## TASK REQUIREMENTS:
Answer with the exact lines of the following material from the one containing "Fig.9: Vector horizontal" through the one containing "矗立在港邊的沿岸走可以看到兩", both end lines included.

## DATA SUPPLIED:
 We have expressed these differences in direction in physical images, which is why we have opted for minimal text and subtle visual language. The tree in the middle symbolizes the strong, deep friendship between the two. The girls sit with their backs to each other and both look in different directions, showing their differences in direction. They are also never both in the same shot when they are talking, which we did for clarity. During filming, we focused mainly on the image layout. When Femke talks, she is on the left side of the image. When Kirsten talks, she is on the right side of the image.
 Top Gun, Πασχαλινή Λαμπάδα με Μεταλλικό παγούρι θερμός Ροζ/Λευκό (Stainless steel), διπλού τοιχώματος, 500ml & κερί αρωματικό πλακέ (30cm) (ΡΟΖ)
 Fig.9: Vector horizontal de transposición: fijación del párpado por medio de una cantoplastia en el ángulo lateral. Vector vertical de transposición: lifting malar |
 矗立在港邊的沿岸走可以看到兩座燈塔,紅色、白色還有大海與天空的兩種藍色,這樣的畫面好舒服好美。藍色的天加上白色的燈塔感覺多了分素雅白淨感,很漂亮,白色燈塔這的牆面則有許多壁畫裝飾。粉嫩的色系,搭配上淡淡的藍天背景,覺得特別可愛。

...

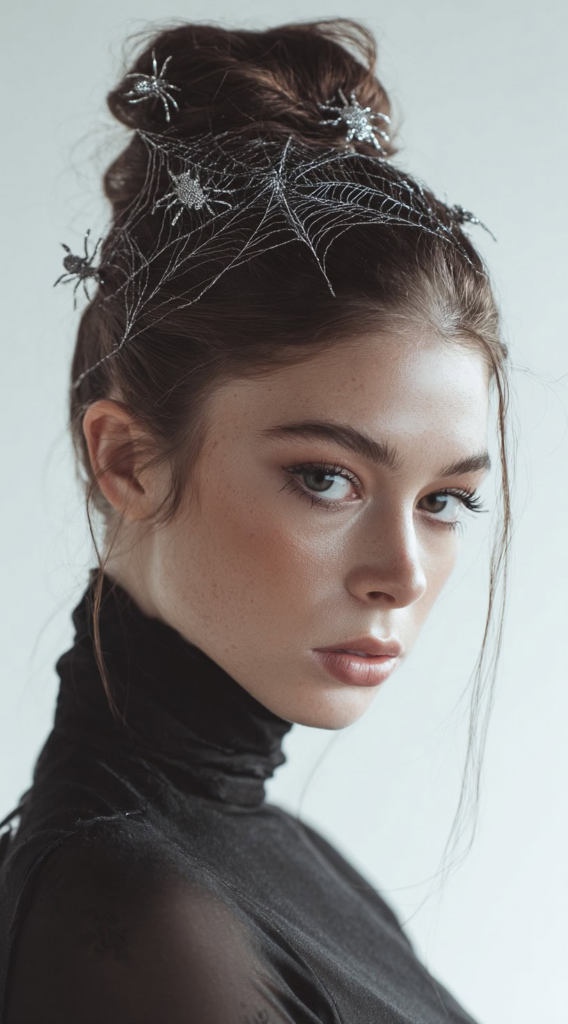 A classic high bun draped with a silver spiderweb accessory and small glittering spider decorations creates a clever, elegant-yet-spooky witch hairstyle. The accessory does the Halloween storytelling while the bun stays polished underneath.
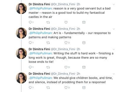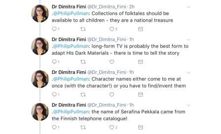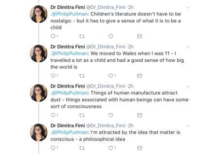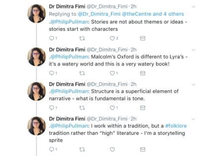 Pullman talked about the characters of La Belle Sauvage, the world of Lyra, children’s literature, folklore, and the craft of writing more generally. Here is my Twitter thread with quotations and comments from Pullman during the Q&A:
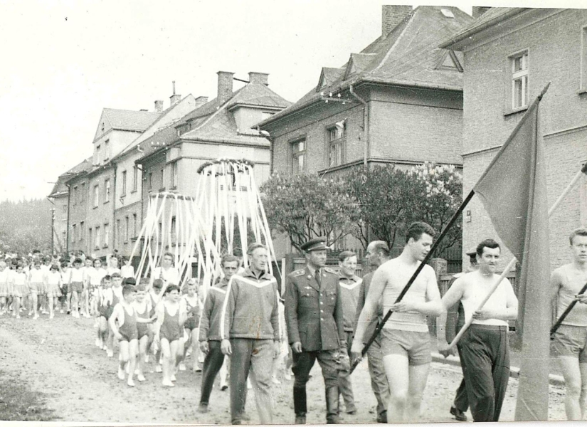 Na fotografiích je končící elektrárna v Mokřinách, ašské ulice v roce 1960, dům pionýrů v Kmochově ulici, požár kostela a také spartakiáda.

## RESPONSE BELOW:
 Fig.9: Vector horizontal de transposición: fijación del párpado por medio de una cantoplastia en el ángulo lateral. Vector vertical de transposición: lifting malar |
 矗立在港邊的沿岸走可以看到兩座燈塔,紅色、白色還有大海與天空的兩種藍色,這樣的畫面好舒服好美。藍色的天加上白色的燈塔感覺多了分素雅白淨感,很漂亮,白色燈塔這的牆面則有許多壁畫裝飾。粉嫩的色系,搭配上淡淡的藍天背景,覺得特別可愛。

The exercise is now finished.